If someone asks me "what's the trick?", I would just tell them to look up tutorials on YouTube.


----------



## Swordsman Kirby (Jul 12, 2009)

I just shrug or say "practice."


----------



## fanwuq (Jul 12, 2009)

You guys are you elitist and mean! 

My response depends on the person I'm talking to.
If the person makes sticker jokes or is asking in a mocking tone, I just take apart the cube and walk away solving OH.
If the person is friendly but not seriously interested, I just say I build blocks, it's like Tetris.
If the person is friendly and interested, I also say I build blocks, but also go through a whole solution with them and offer to teach them for random amount of money.

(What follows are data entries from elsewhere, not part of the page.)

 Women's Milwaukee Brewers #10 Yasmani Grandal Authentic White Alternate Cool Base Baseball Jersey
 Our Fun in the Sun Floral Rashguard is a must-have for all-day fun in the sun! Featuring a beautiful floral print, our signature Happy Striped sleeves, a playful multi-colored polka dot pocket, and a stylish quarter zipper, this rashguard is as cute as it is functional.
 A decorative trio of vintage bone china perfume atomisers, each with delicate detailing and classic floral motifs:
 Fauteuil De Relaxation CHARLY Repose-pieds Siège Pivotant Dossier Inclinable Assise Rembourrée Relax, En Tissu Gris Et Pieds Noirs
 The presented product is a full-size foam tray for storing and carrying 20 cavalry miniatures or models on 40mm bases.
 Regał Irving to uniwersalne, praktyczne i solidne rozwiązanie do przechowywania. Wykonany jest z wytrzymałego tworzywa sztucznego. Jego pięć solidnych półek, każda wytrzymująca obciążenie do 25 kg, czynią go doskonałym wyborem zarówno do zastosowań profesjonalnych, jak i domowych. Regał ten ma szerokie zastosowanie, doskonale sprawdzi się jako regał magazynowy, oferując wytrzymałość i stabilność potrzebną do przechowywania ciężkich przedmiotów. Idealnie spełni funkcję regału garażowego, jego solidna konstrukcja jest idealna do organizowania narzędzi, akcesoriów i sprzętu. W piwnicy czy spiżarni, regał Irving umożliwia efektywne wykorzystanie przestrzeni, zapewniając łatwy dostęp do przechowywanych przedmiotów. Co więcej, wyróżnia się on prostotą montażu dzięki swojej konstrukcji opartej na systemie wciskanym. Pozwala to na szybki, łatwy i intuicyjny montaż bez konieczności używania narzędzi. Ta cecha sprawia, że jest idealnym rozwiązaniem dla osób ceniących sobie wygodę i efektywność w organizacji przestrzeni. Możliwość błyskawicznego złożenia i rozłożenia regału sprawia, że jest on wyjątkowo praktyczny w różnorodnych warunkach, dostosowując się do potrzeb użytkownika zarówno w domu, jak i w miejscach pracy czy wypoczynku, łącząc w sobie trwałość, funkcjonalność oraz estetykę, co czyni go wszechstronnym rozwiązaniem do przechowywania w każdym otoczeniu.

That never happened because I rarely see them again.


----------



## d4m4s74 (Jul 12, 2009)

"first I do this, then that, then that and if I do this it's solved"
(while solving the cube as fast as possible)

and one time I said "I just disassemble it and reassemble it correctly, but I do it so fast it looks like I'm just twisting"


----------



## bubba45671 (Jul 12, 2009)

i tell them very carefully


----------



## ChaosWZ (Jul 14, 2009)

well to people who i think are intelligent enough to solve it, i actually tell them 

for everyone else

"How do you solve it so fast" I dont, when you blink i switch the cube with a solved one
"Well if you do that then where do you hide the cube" Its in hell, youre welcome to join it anytime (I cant say in my pocket cuz i wear skinnys and you could see it like really easy XD)

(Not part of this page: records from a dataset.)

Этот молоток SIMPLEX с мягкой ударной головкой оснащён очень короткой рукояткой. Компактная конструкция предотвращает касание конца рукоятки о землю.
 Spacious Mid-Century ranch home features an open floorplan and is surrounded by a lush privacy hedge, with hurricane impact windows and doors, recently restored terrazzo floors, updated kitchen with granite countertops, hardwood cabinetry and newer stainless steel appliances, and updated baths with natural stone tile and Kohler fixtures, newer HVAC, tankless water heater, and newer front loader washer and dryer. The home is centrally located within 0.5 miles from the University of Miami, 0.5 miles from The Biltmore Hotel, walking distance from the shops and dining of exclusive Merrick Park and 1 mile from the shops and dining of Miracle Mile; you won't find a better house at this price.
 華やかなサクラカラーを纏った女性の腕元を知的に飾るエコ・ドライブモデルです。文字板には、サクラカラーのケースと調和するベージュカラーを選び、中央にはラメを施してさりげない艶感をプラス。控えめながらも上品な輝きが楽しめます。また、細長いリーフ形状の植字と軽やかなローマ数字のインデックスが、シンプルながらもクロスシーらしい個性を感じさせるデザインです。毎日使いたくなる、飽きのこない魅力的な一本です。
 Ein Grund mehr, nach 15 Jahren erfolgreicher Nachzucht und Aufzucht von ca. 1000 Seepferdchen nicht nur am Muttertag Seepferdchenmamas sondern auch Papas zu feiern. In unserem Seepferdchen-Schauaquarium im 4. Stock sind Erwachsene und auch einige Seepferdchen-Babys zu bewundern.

"If i scramble it can you solve it?" well no i cant but the cookie i just ate can, maybe you should ask him

"How do your fingers move so fast?" Well actually they dont your brain is just too slow to see it properly

"Is there any special pattern?" well yeah ofcourse there is, its this one with all the sides solved

"Whats the special trick?" there isnt one, you cant solve them you just switch the cube when people arent looking duhh =P


----------



## rahulkadukar (Jul 14, 2009)

I say I am slow but that I can teach you to be as fast as myself. 

PB:Sub 20 with LL skip


----------



## AvGalen (Jul 14, 2009)

Logan said:


> Them: How do you solve a Rubik's cube so fast?
> *Me: First I get a cross then I do F2L, then OLL, then PLL.*
> Them: Huh?
> *Me: F2L is solving the first two layers. OLL is ori-*
> ...


I actually lolled, not just the internet version, but the real-life-noise-making-slighty-eye-watering-type of lolled



LarsN said:


> ...They say: "I don't have the patience to solve those."
> Then I go: "Patience? It takes less than 20 seconds!"




If it's a girl: It takes some time to learn, I will teach you during dinner at my place
If it's a guy: You should ask Erik


----------



## Erik (Jul 14, 2009)

Hold on! I can give very good answers to girls too. We were in the metro with a grop of cubers in Spain and there were two girls watching. One was like: hey you (to me) come here (they had horrible English so I forgave their bluntness), how do you do that? 
Sadly I had to let Javi translate  they would maybe come on Saturday to the competition but never showed up..

Anyway... I think you should never give smart-ass answers since the last thing we want is to actually scare people away with our cubing. No matter how ignorant I think you should always be helpful.

Still my usual answer after: how do you solve it? Is mostly something like:

- fast.... 
- with my hands...
- just twist it until you get it...
- practice...

but after all answers I always say: nah I'm just kidding, you have to follow a certain plan, everyone can learn how to solve it.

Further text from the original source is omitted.